The liver has many functions to help the body, for example, remove waste by producing bile and break down fats in the small intestine during digestion. They can also produce certain proteins for blood plasma and can regulate blood clotting. Clearance of the bilirubin is another function of the liver can, removing bilirubin from the red blood cells. Cringler Najjar Syndrome is caused by an accumulation of bilirubin, which turns the skin and eyes yellow. For my art piece links to functions of the liver objective, I have asked my niece to draw a person and a liver. I wanted to show what happens to the skin if there is an accumulation of bilirubin. For the liver, I wanted to emphasize Crigler-Najjar’s abnormal state and what happens when one liver enzyme is not present. I would include different codes given to my parents regarding this disorder.
Crigler-Najjar syndrome is a rare genetic disorder in the liver that cannot properly convert and clear bilirubin from one’s body (Roy-Chowdhury,2016). There are two types of Crigler Najjar Syndrome. Crigler-Najjar syndrome type I, and the other is Crigler-Najjar syndrome type II or Arias syndrome. Crigler-Najjar was named after two doctors. Who discovered this syndrome? Dr. John Crigler and Dr. Victor Najjar back in 1952 when they noticed six infants whose parents were blood-related had this syndrome. In 1962 Dr. Arias discovered the milder version of the syndrome, which is now called Crigler-Najjar Syndrome type II. My main force will be on Type I, what causes this syndrome, and treatment for those who suffered from this rare syndrome.
Crigler- Najjar syndrome is a rare disease that affects 0.6 to 1 in 1 million newborns worldwide. Type I Crigler-Najjar is considered severe compared to Type II; type I is a disorder categorized for the absence or decreased activity of UDP-glucuronosyltransferase, an enzyme that requires glucronidation of the unconjugated bilirubin in the liver (Bhandari, Thada, and Yadav, 2021). For Cringler-Najjar syndrome type I, if the levels of conjugated bilirubin rise, this can lead to jaundice in newborns. The plasma compartment represents about 40mL/kg body weight, and in patients who have jaundice, the total equally is distributed between intravascular and extravascular (Strauss, Ahlfors, Soltys, Mazareigos, Young, Bowser, Fox, Squires, McKiernan, Brigatti, Puffenberger, Carson, &Vreman, 2019).

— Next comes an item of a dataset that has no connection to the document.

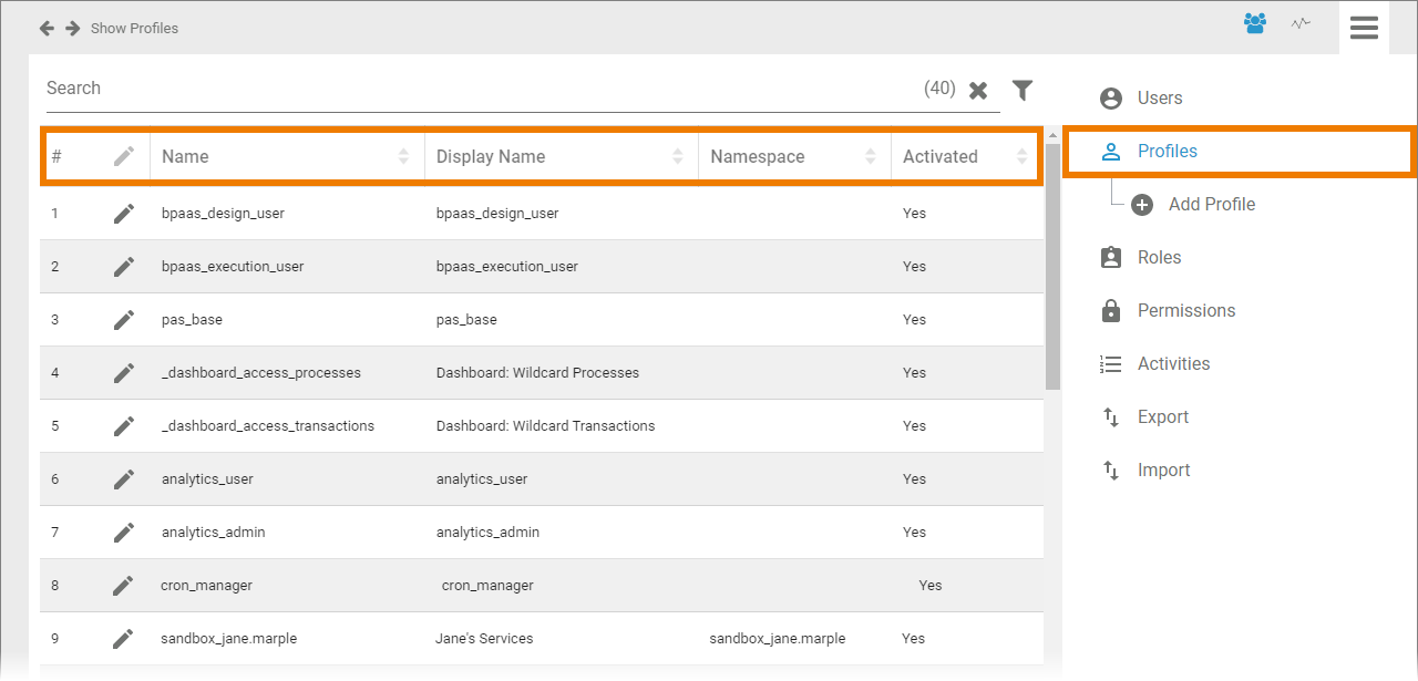 Profiles without Namespace are used exclusively to manage required access rights for the different platform components.

My older sister is a success story for hepatocyte transplant; in July 1988, she was barely seven at the University of Nebraska, received a new liver from a donor just in time. Since this was very new and only a paragraph about the disease, her survival rate was low; her Hepatologist expects her life expectancy was only up to eighteen, even with medicines and blood work that checks liver functions. Today is a mother and wife and past the suggested life expectancy.